In the grand scheme of metrics, measuring things, big data, small data and all the associated buzzwords, there does come a point where you need to be able to effectively display the results of all your hard work and discern whether or not the results are anywhere near what you hope to achieve.

There are many ways to do this, and while each way displays data, not every way is the right way to determine the effectiveness of your  UX, marketing plan, sales strategy, etc.

One of the most popular methods is the sales funnel.  Popularized as a term by companies like salesforce.com, SugarCRM, and ZohoCRM, the base method involves taking the entire group of prospects and measuring the drop out rate through your sales process to determine the final conversion rate for a specific group, either macro or micro, in terms of signups, sales, or whatever metric you are attempting to measure.

This is a rudimentary system when dealing with a mostly automated process, though you can cover the basics using this math.  For instance, you have 1000 people who see your app (and you’ve confirmed this via some sort of measurement), and then 500 of them download the app, 250 of them open the app and use it once, and then 10 of them make a purchase in-app, and you collect X number of dollars after the app store takes its’ cut of the sales amount.

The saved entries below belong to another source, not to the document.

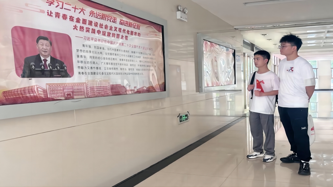 图为实践队员在学习党的二十大精神
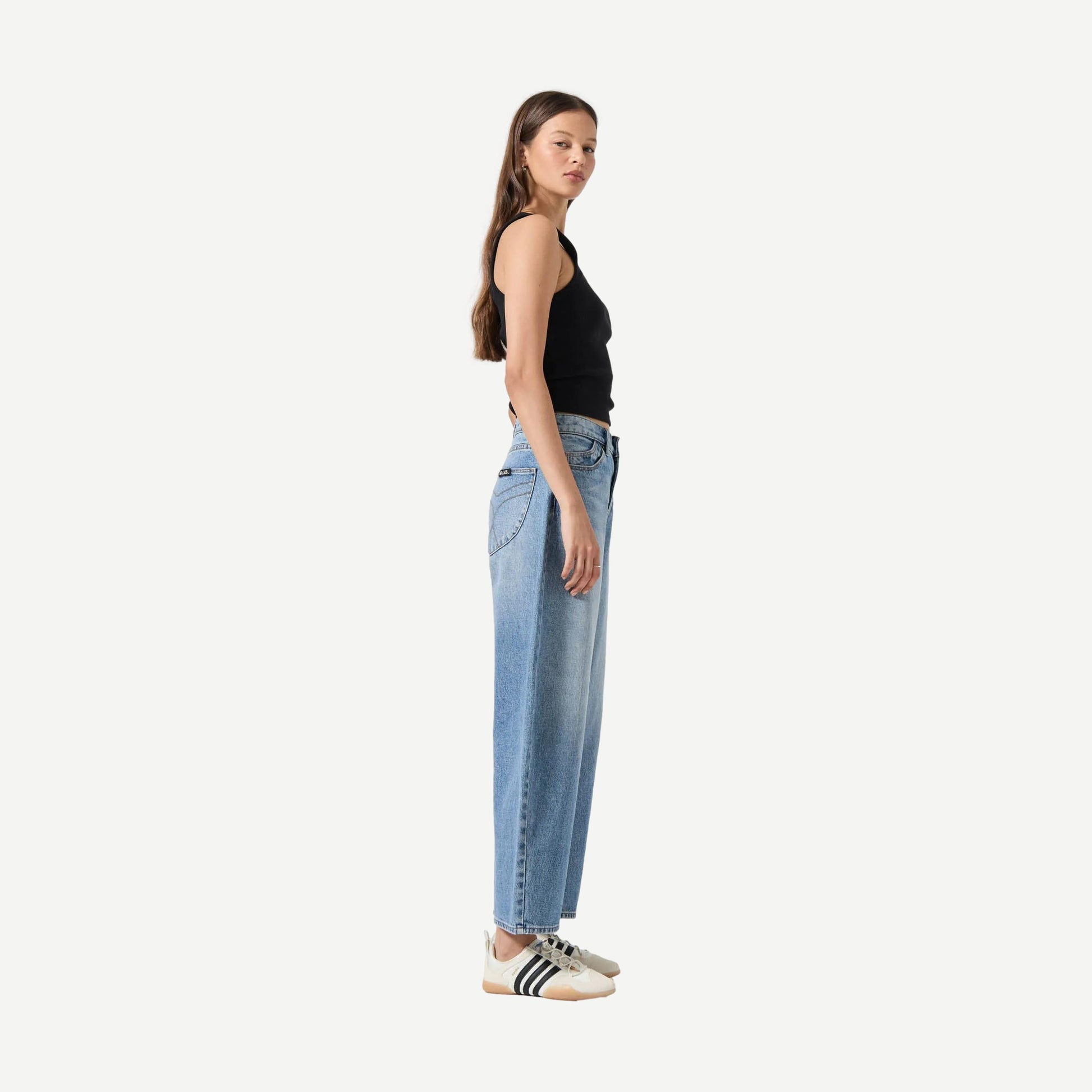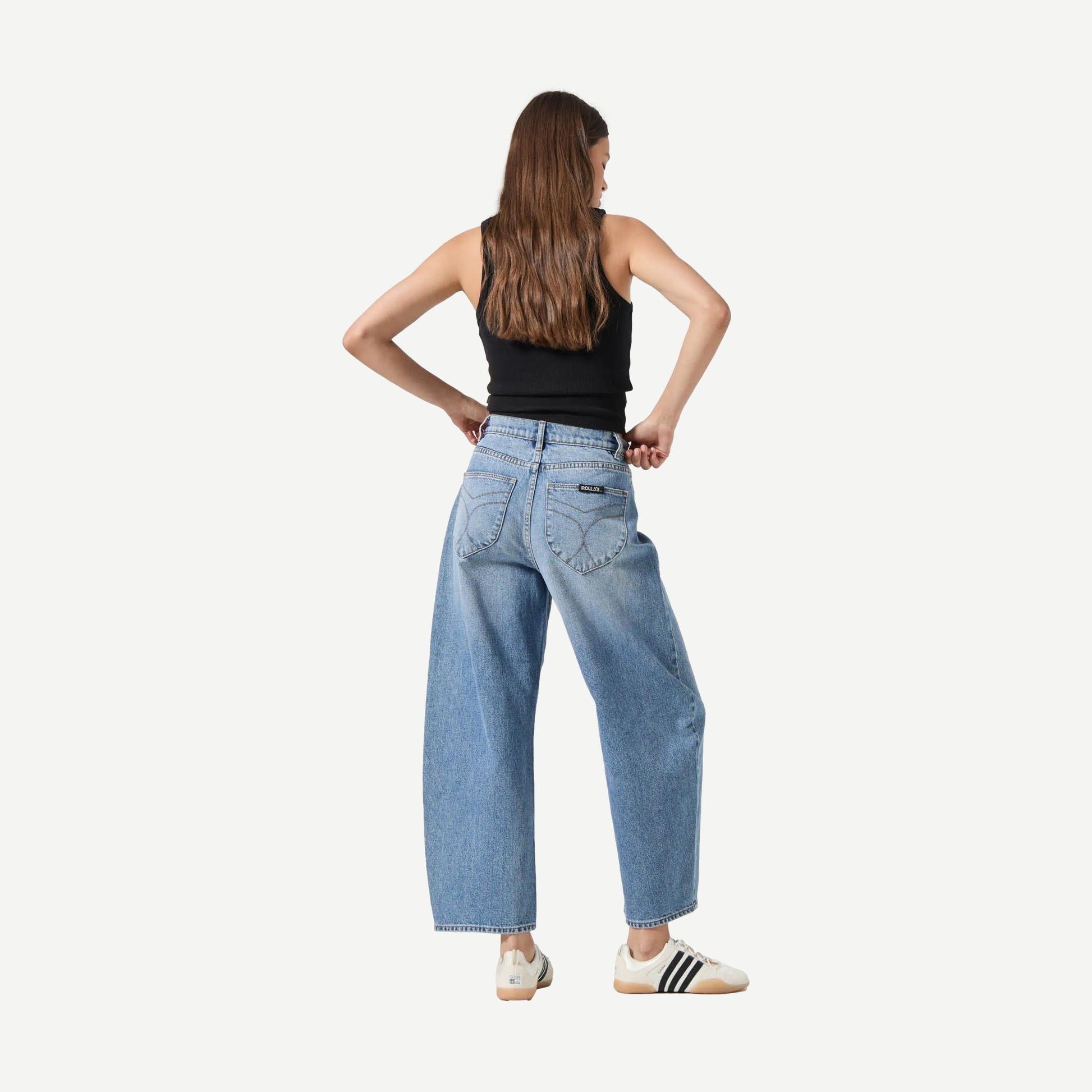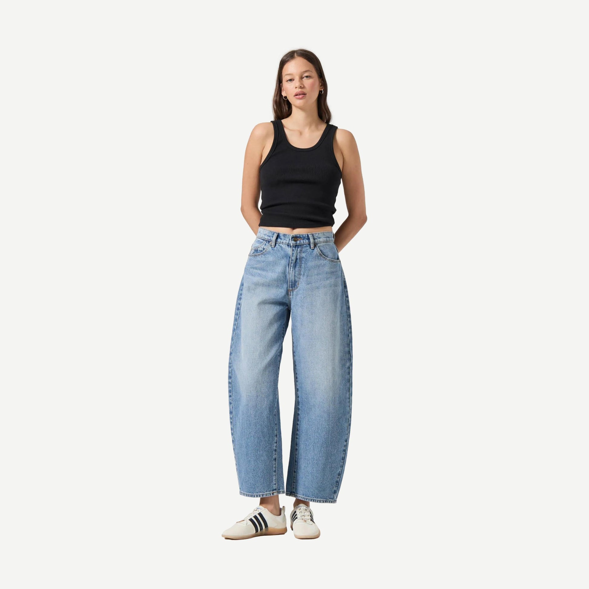 Gigi Barrel is a super high rise jean that holds through the seat, balancing the sculptural leg silhouette.
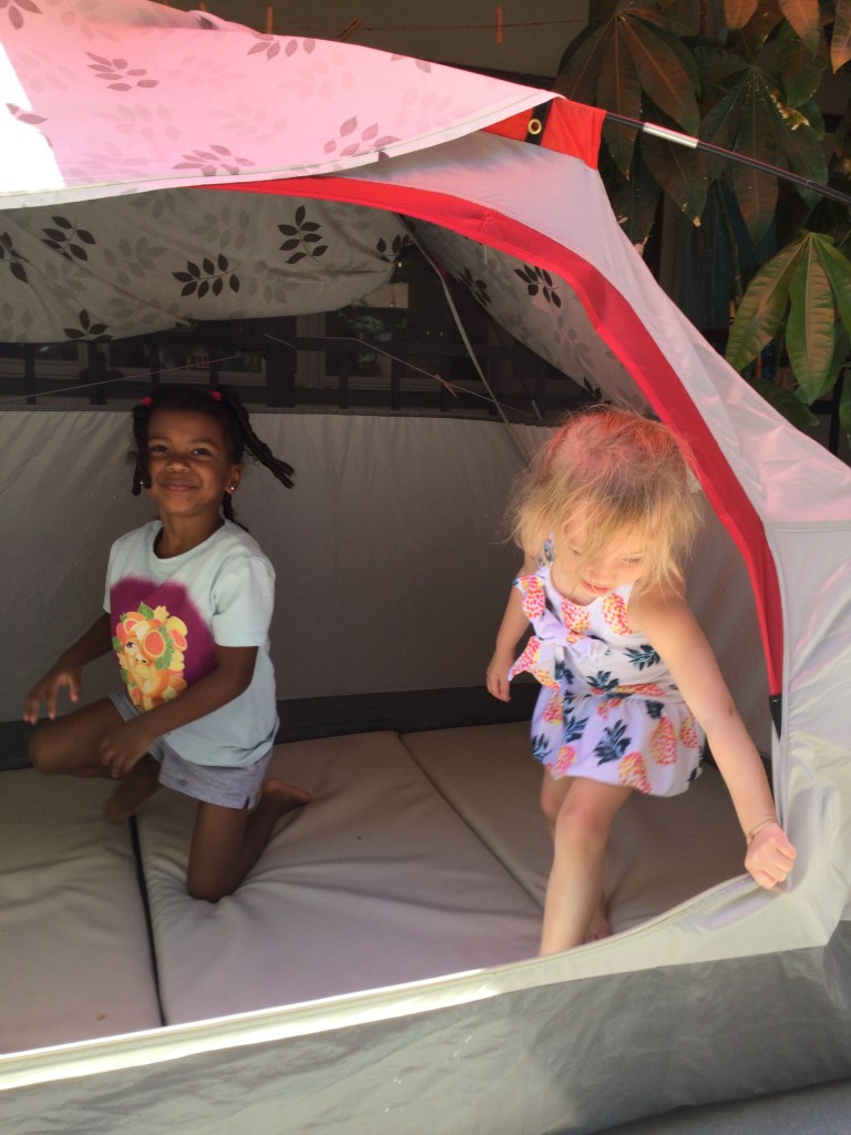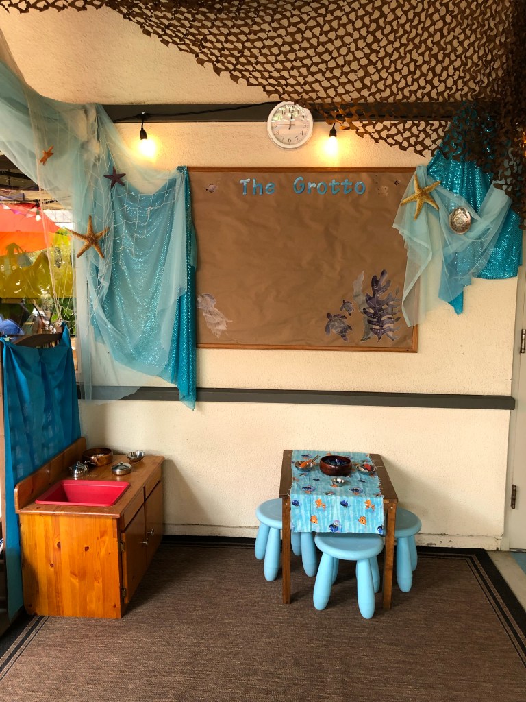 We are ready for some fun in the sun! The older pod enrichment patio is an extension of rooms 1, 2 and 3β our three year olds, young fours and our pre-kindergarteners. Our littles are given the opportunity to flow in and out of their classrooms during their free choice play time. This gives them plenty of options to explore areas that peak their individual interests. Check out some of the play centers ready for our campers to enjoy!

While this measures your base conversion rate and certainly indicates where you have issues (or might be leaking like a burst pipe at a fire hydrant), this type of measurement does not give you much more than a base indication of things and certainly doesn’t help you to decide what to change, when to change it and how to make it better (more profitable).  If your situation requires simply that you get larger numbers of users, regardless of their profitability or action path, then by all means, set up an installation of Flurry, Mixpanel, Tapstream or one of their competitors.  Each makes a more advanced funnel process than I have described here, and are reasonably priced between free and not so free to use their SDKs and extrapolate your data out of it.

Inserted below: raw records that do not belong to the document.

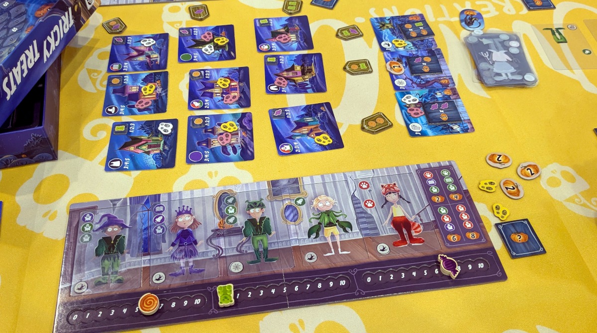Eine Woche nach der Messe war Halloween. Da war es ganz passend, ein Spiel mit gleichem Thema vorab zu testen. In „Tricky Treats“ müssen wir Kinder verkleiden, die um die Häuser ziehen, um Süßigkeiten einzusammeln.
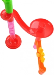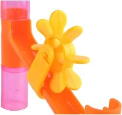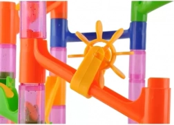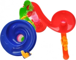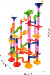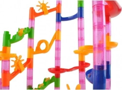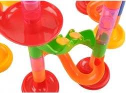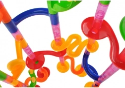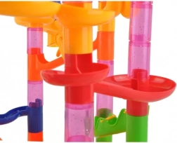 Ten kolorowy tor kulkowy pozwala dzieciom budować zróżnicowane trasy o różnym poziomie trudności. W zestawie znajdują się wiatraczki, pętle i zapory, które kulki aktywują w trakcie przejazdu. Elementy łączą się łatwo i intuicyjnie, dzięki czemu można szybko zmieniać konfiguracje i testować nowe pomysły.
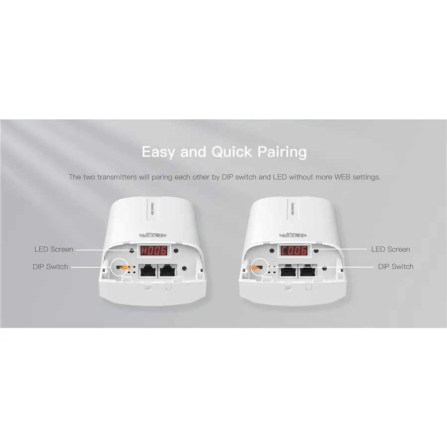 Wi-Tek WI-CPE111-KIT V3 je kompletní bezdrátový přenosový kit určený pro stabilní a dlouhodobé venkovní připojení. Poskytuje rychlost až 300 Mbps v pásmu 2,4 GHz a dosah až 2 km, což z něj dělá ideální řešení pro přenos obrazu z bezpečnostních kamer, propojení budov, farmy, sklady nebo odlehlé objekty bez nutnosti kabeláže.
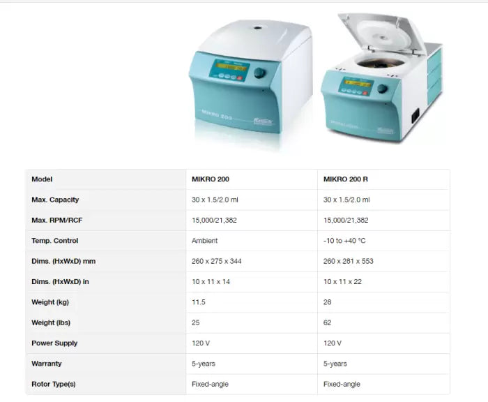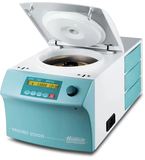 Fast cooling for greater efficiency. Available with optional temperature control (-10 to +40 °C), the compaal separation results. Fast cooling for greater efficiency. Available with optional temperature control (-10 to +40 °C), the compact MIKRO 200 R cools down to +4°C in just 10 to 15 minutes using the Fast-Cool function.
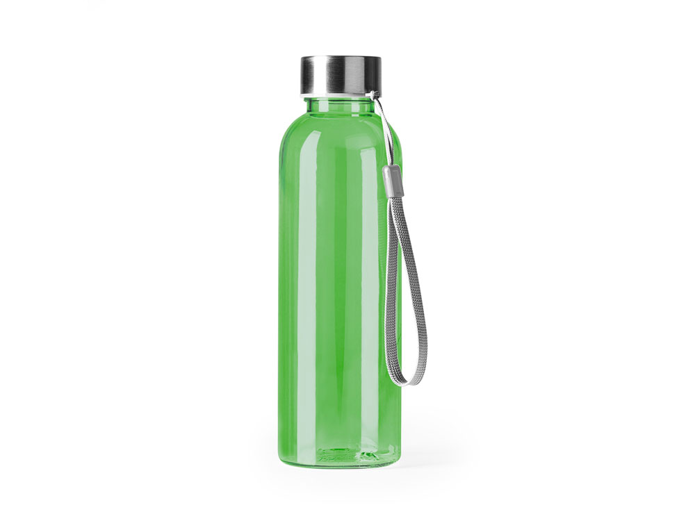 Бутылка из РПЭТ с полупрозрачным цветным корпусом. Емкость 600 мл. Ремешок для переноски в комплекте

However, a basic funnel approach does not give you drill down analytics that allow you to understand what customer is worth considerably more in LTV (life time value) and offer you the opportunity to engage your users in activities that result in better LTV across the board.  The funnel approach also means that you’ll need to set up instances and variations and monitor them over time with some data extraction and formulas that you administer outside the funnel, with spreadsheets and so on.

In order to learn more about your target user and how to effectively engage them in an optimized way, you need to learn to segregate your users into groups that have relevance (date of install, type of install, referring source, or other differentiator) and monitor the users by group.  Users can be members of multiple groups (installed, opened, used once, used multiple times, power user, whale, etc) and the users with the best LTV will be members of several groups.

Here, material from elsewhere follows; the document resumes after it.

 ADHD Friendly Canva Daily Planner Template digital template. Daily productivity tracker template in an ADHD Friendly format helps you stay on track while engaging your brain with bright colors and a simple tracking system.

Tunneling more deeply into your user base to understand why and how they behave the way they do when faced with your app is important when determining what path to choose to increase ROI per user, per campaign, per referrer source, etc.  Knowing that a user from China who saw an ad displayed by X network on a weekend day is worth $5 versus a user from France who came in through editorial content on a Monday afternoon in June and is worth $12 is a powerful piece of knowledge when used the right way.  Compare these two cases with a user from Ukraine who found the app through a web search on Black Friday and didn’t open the app after installing  and it seems that your best targeting dollar for dollar is to spend more of your marketing budget on editorial placement in EU countries.

While this is an overly simplified case study of simple examples, the bottom line is that in order to effectively grow your user base into profitability, it’s necessary to do more in depth studies of user behaviour patterns to determine the value of a user (assuming you have users who are paying for something or being rewarded through gamification or who are eyeballs in your ad based income plan) than to just run them into a funnel and call it a day.